The preservation in Hominoids of a genomic structure consisting in the juxtaposition of a retrotransposon-derived MaLR LTR and the ERVWE1 provirus suggests a functional link between both elements.
The infectious retrovirus founding the contemporary HERV-W family  entered the genome of a Catarrhine ancestor 25–40 million years ago [2, 3]. The spread of the HERV-W family into the genome essentially results from autonomous and non-autonomous events of intracellular retrotransposition of transcriptionally active copies [4, 5]. The HERV-W family contains a unique locus, termed ERVWE1, which encodes an envelope glycoprotein expressed in the placenta [3, 6]. This envelope, also dubbed Syncytin, exhibits fusogenic properties in vitro and is directly involved in trophoblast differentiation [6–8]. The functional conservation of the ERVWE1 locus among Hominoids  and the identification of selective constraints on the env gene  strongly suggest that this retroviral locus has been recruited to play a role in placental physiology. In order to decipher the natural history of the ERVWE1 locus, we performed a comparative genomic analysis of the eutherian chromosomal regions syntenic to a portion of human chromosome 7q21.2 containing the (H)ERVWE1 locus. We observe in this region that the content in transposable elements varies between species, notably with a progressive enrichment of LTR-elements in the Platyrrhine and Catarrhine lineages.
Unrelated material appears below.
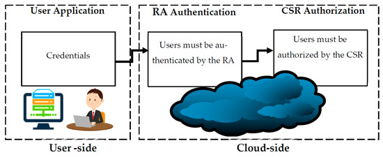 The first station is on the user side, which involves entering the user’s credentials to access the system. Users’ credentials in the real implementation can be through information entered by the system (user ID and password) or other forms of credentials such as figure prints. The second station is on the cloud side, which involves authenticating the user. The user must be authenticated by the RA component before the authorization process takes place. The third station involves the authorization process. Once a user is authenticated by the RA, the authorization process happens through the CSR. The CSR is not accessible by the user; it only communicates with the RA component.
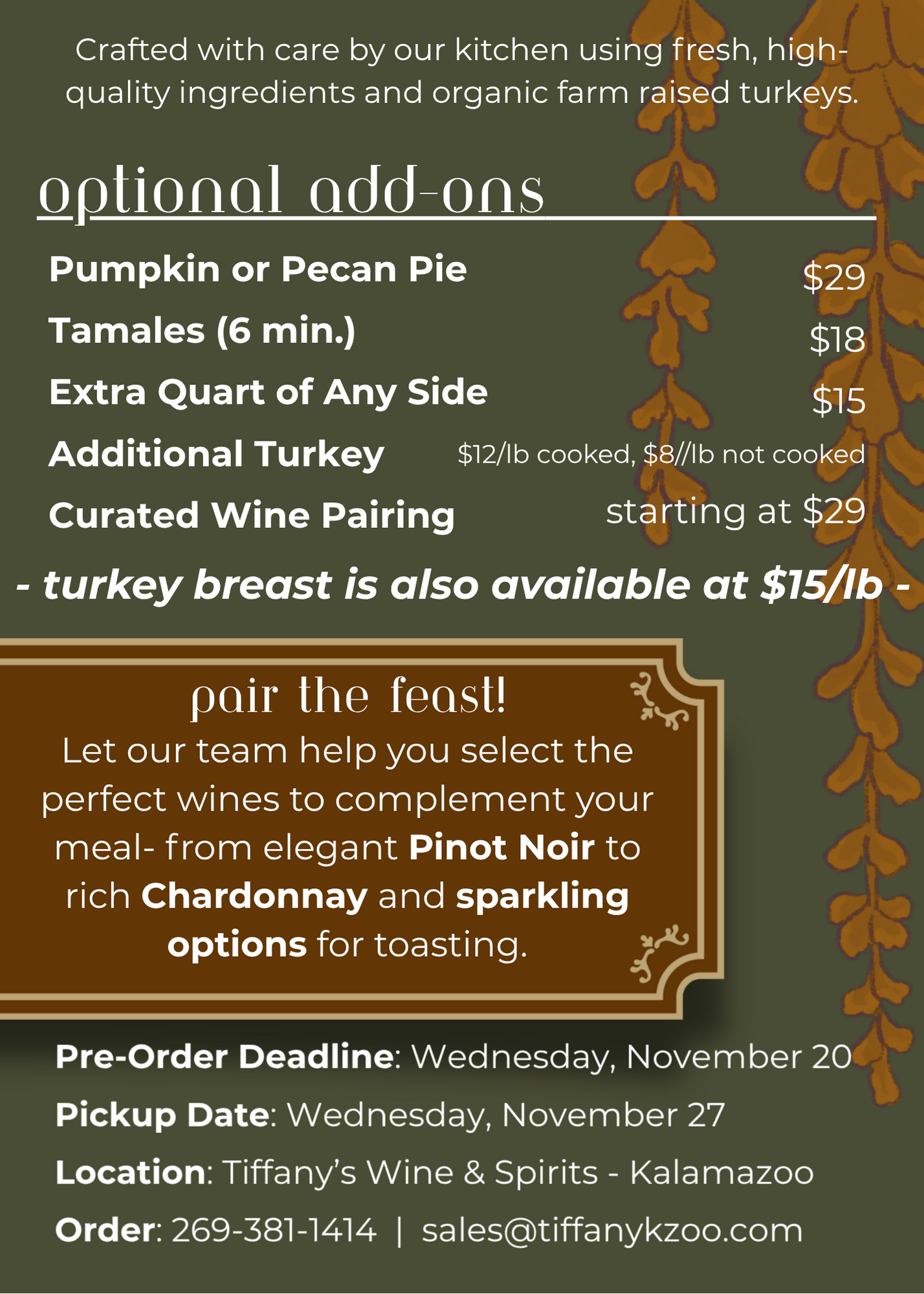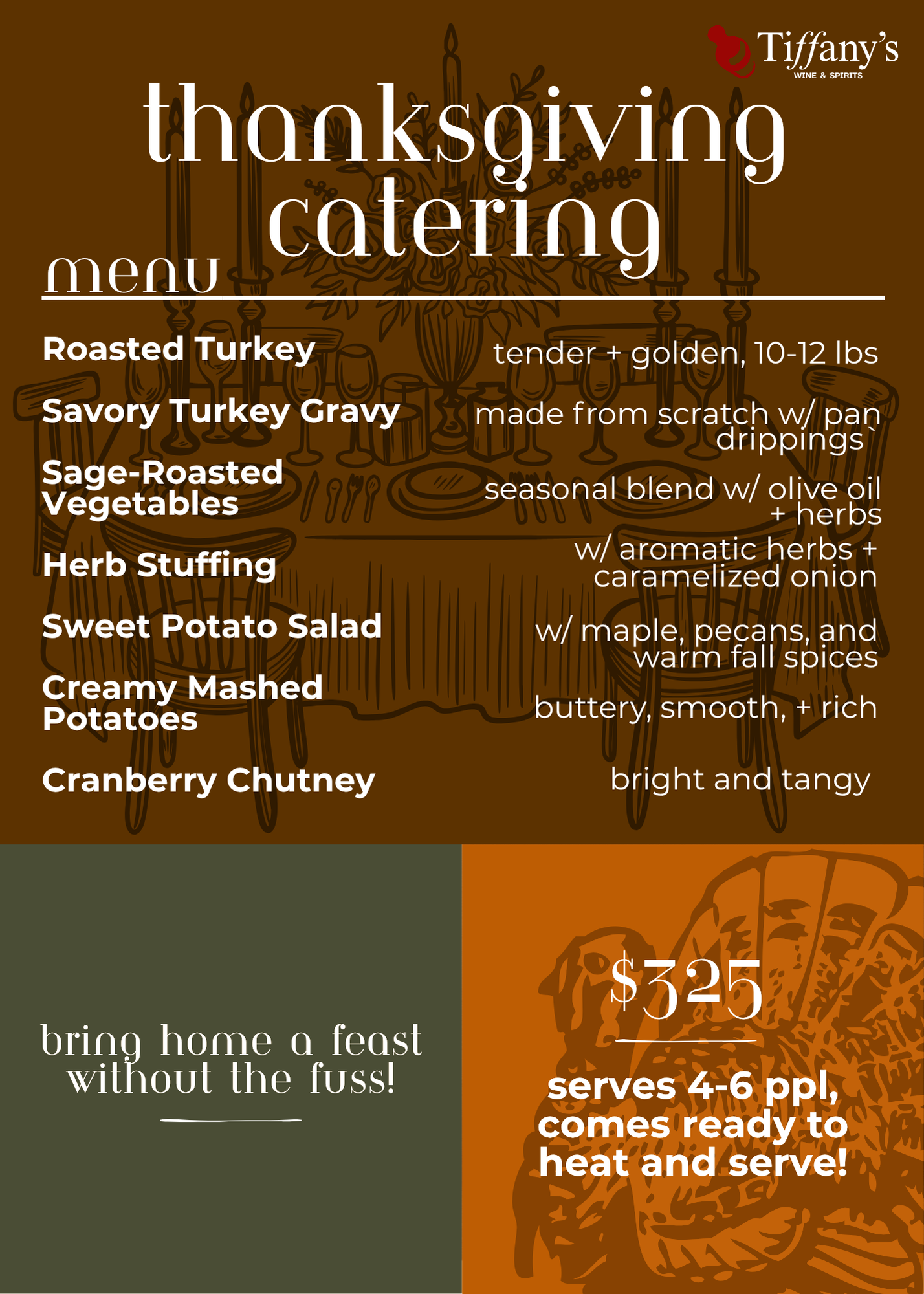 Thanksgiving should be spent gathered around the table — not stuck in the kitchen. This year, let Tiffany’s Wine & Spirits take care of the cooking with our thoughtfully prepared Thanksgiving Catering Meal, crafted with high-quality ingredients and organic, farm-raised turkey. Whether you’re hosting family, welcoming friends, or planning a cozy holiday dinner at home, we make it effortless, delicious, and memorable.

Based on an ancestral mosaic of LTR-elements, this retroviral cluster followed two opposed evolutionary pathways, a genetic drift versus a domestication, in Cercopithecidae and Hominidae lineages, respectively.
Results and Discussion
The initial failure to isolate the ERVWE1 integration site in Old World Monkeys  suggested that this region was shaped by complex recombination events. The comparative analysis of human ERVWE1 flanking sequences with the mouse genome has revealed two syntenic anchor points in the ERVWE1 provirus vicinity. Thus, the peroxisome biogenesis factor 1 gene (PEX1) and the ocular development-associated gene (ODAG) are located upstream and downstream from ERVWE1, respectively. In genomic databases, the genetic linkage between both boundary genes was found in 14 mammals and 2 birds (Figure 1a). In addition, to fill in the evolutionary gap of this dataset, we PCR amplified and sequenced the intergenic region of two primates, Macaca mulatta and Ateles fusciceps robustus.
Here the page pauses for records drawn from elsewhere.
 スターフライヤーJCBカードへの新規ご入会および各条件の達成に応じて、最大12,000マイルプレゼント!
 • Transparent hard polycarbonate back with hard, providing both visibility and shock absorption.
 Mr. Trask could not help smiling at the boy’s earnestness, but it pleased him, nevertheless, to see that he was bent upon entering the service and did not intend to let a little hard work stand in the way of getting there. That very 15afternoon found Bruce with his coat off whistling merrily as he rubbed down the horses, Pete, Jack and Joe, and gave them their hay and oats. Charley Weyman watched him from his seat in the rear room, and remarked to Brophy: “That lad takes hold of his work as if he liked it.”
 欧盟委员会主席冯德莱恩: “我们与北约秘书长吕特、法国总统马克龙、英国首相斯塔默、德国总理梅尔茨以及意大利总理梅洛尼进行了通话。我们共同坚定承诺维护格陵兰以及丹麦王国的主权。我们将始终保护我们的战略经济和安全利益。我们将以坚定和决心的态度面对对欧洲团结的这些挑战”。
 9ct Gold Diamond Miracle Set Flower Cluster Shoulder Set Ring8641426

The length of the PEX1-ODAG intergenic region varies among species (17.8 ± 7.9 kb), ranging from 2.6 kb to 30.9 kb for rat and human, respectively (Figure 1a). The length variation of the intergenic region is generally due to the presence of various transposable elements (TEs) (Figure 1b). The particularly short intergenic regions of rodents may result from the general deletion mechanisms previously proposed to account for rodent small genome size . The herein described region suggests that the rodent deletion process show no bias towards TEs (Figure 1b). In comparison, the length of PEX1 and ODAG intronic regions is homogenous (PEX1 : 38.5 ± 13.4 kb ; ODAG : 8.1 ± 2.5 kb), the variability relying mostly upon one species for each gene (Figure 1b). For example, the largest intronic region of PEX1 orthologous gene is observed in Bos taurus and corresponds to the presence of about 40 kb of TEs as compared to 10–20 kb in other species (Figure 1b).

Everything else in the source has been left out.